_RECORD EXCERPTS_.

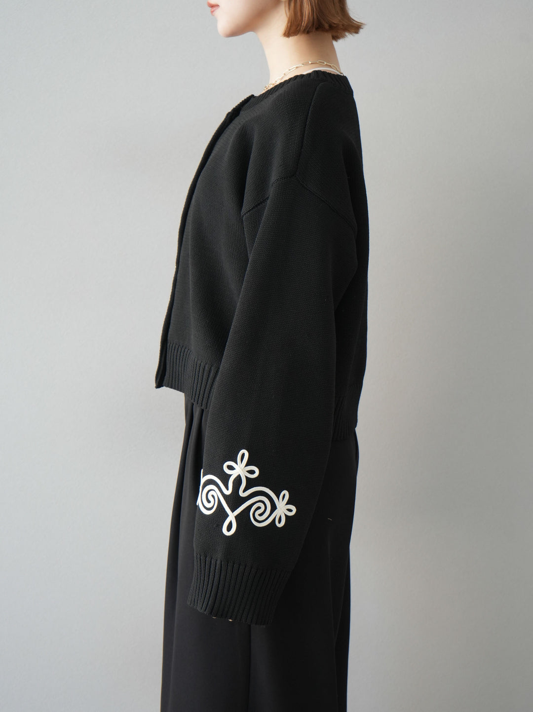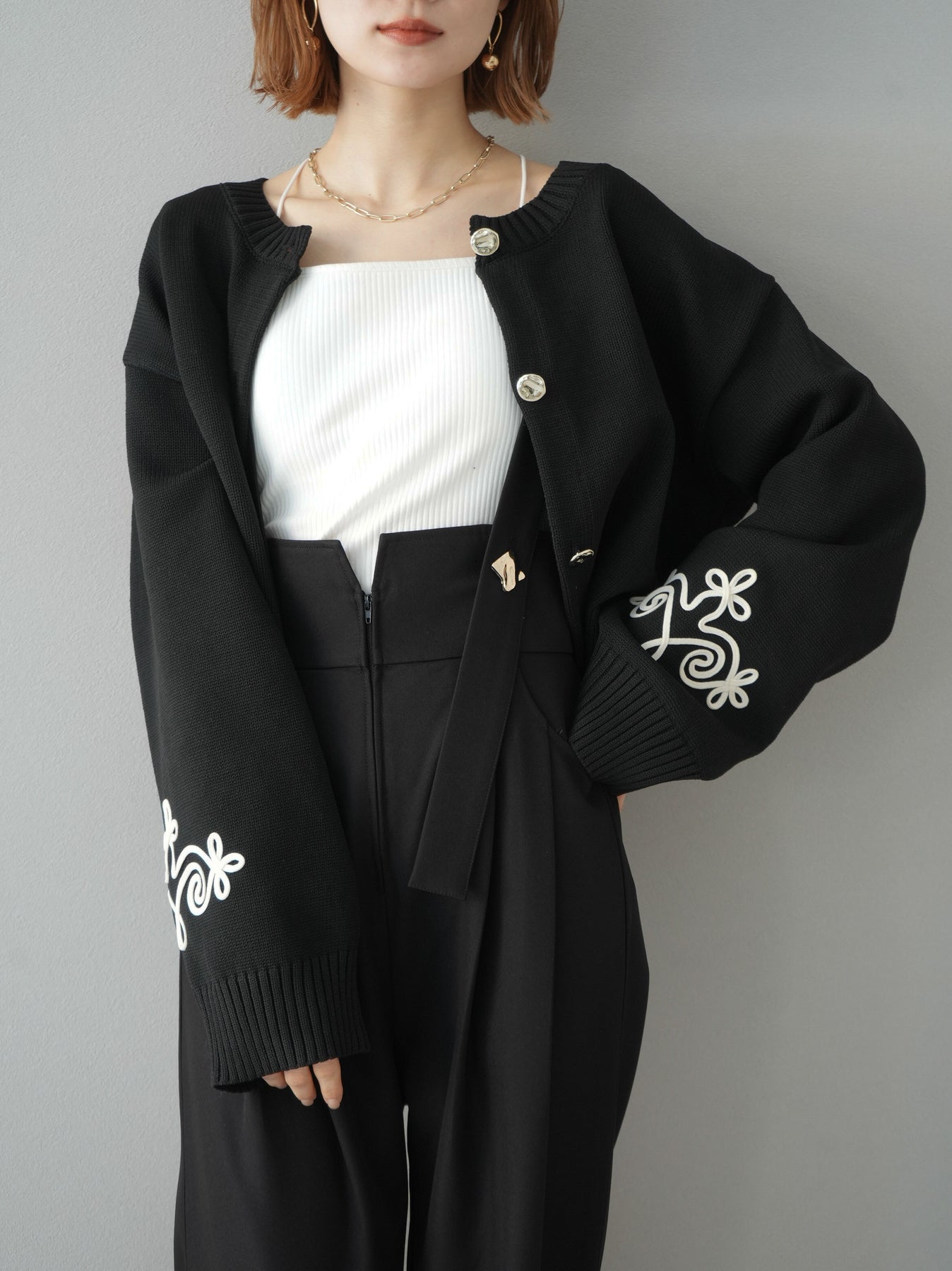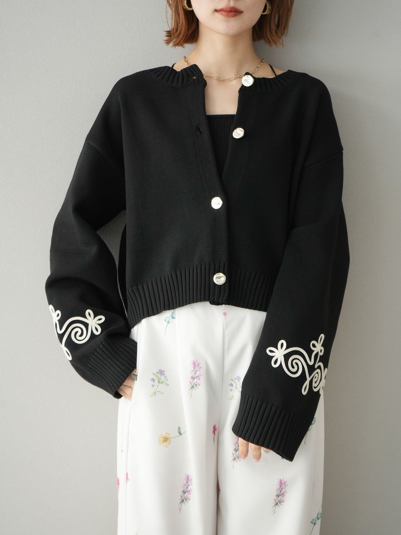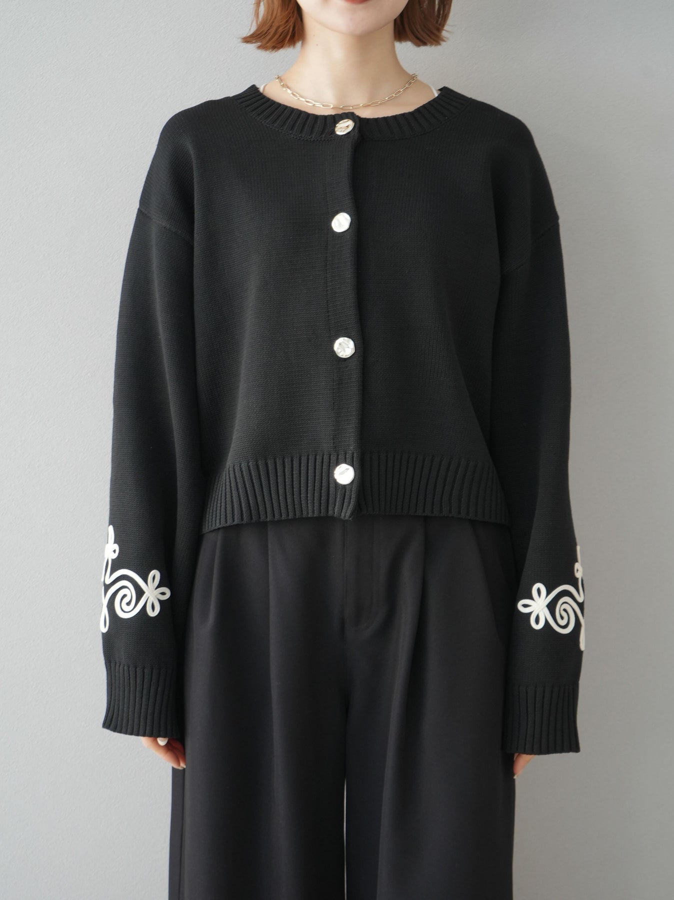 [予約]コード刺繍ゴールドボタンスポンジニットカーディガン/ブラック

...

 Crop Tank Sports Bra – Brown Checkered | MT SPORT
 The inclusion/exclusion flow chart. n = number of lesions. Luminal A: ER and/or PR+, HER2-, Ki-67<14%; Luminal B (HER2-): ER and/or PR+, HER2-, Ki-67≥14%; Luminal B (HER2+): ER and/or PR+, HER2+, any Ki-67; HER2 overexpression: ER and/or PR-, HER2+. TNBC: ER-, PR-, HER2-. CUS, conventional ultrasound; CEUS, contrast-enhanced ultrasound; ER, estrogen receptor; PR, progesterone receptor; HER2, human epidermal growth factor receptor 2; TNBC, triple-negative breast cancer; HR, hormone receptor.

==

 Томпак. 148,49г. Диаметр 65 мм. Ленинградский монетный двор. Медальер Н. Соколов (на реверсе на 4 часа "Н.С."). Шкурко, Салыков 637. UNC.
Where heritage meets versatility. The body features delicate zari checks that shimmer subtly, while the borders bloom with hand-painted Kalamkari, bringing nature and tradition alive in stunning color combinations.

_WHAT YOU SHOULD DO_. Everything in the material above from the line that has "Томпак. 148,49г. Диаметр" through the line that has "Where heritage meets" must be duplicated exactly, with no other lines given.

_RESULT OF THE EXERCISE_.
 Томпак. 148,49г. Диаметр 65 мм. Ленинградский монетный двор. Медальер Н. Соколов (на реверсе на 4 часа "Н.С."). Шкурко, Салыков 637. UNC.
Where heritage meets versatility. The body features delicate zari checks that shimmer subtly, while the borders bloom with hand-painted Kalamkari, bringing nature and tradition alive in stunning color combinations.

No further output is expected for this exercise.